Oil prices fell to their lowest in three months on Concerns that Greece’s rejection of the Euro zone’s bailout terms and China rolling out emergency funds to support its stocks would hurt demand and that Iran’s impeding agreement would increase the supply worsening the glut.
Light sweet crude for august delivery most recently declined by $3.68 or 6.36% to $53.27 a barrel on the New York mercantile Exchange. Based on the most active contracts, prices for the US benchmark have nit settled this low since April.
Brent for August delivery, the global benchmark, most recently declined by $2.85 or 4.72% to $57.47 a barrel on the London ICE Futures Exchange.
“All signs point south for oil prices,” Capital Economics told the Wall Street Journal.
China’s stock has plunged in the recent past, a bearish sign for demand in the world’s second largest consumer of crude.
Iran is also pushing ahead for a nuclear deal with the world powers ahead of the July 7th deadline.
Most traders expect the deal, if reached, to prompt the world powers to lift economic sanctions against the Islamic state which will in turn increase its crude exports worsening the already existing oil glut.
Also spelling doom for the commodity’s outlook is Greece’s resounding vote against austerity measures suggested by Europe as part of its bailout deal. The vote increases the possibility of fallout in the Euro zone potentially hurting the demand of the commodity.

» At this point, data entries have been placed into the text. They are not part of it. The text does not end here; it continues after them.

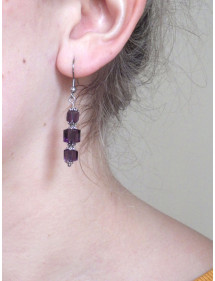 Beautiful purple style earrings for elegant women. This precious jewel is made with purple glass square beads, the metal parts, especially the hooks and the stem are made of stainless steel, the cups are silver plated brass. The dominant color of the earrings is purple. The glass beads are 6 and 8 mm, the height of the earrings is 50 mm.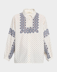 Crafted in cotton poplin, the Weekend Max Mara "Adda" shirt is speckled in a floral print and features bold border print detailing Point collar; button front Drop shoulders Bracelet sleeves Button cuffs Relaxed fit Cotton Machine wash cold Imported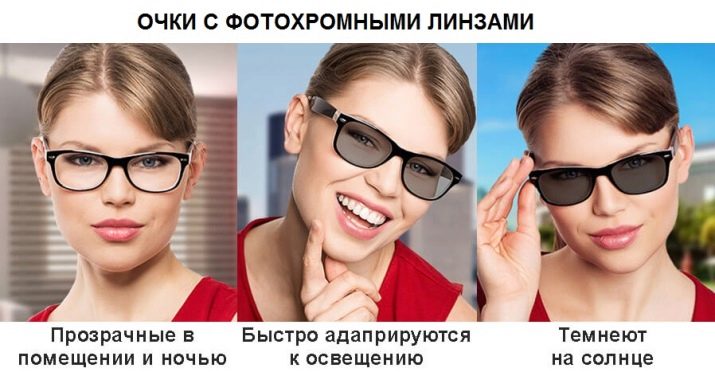 In addition, glasses protect makeup from wind, rain and snow. The most sought after models equipped with photochromic type lenses that can change color. On the street, their shade is darker and protects from the sun, in the room they become transparent. They are also called chameleons for their ability to change color.

“Even without Greece, China’s stock market woes and Iran priming to hit the market with more barrels, the demand picture in oil has only been okay while the supply picture has been phenomenal,” John Kilduff, partner at New York energy hedge fund Again Capital, told Reuters.
“With these number of bearish elements weighing on the market now, the only thing of support has been the seasonal demand in gasoline, and even that will be going away soon.”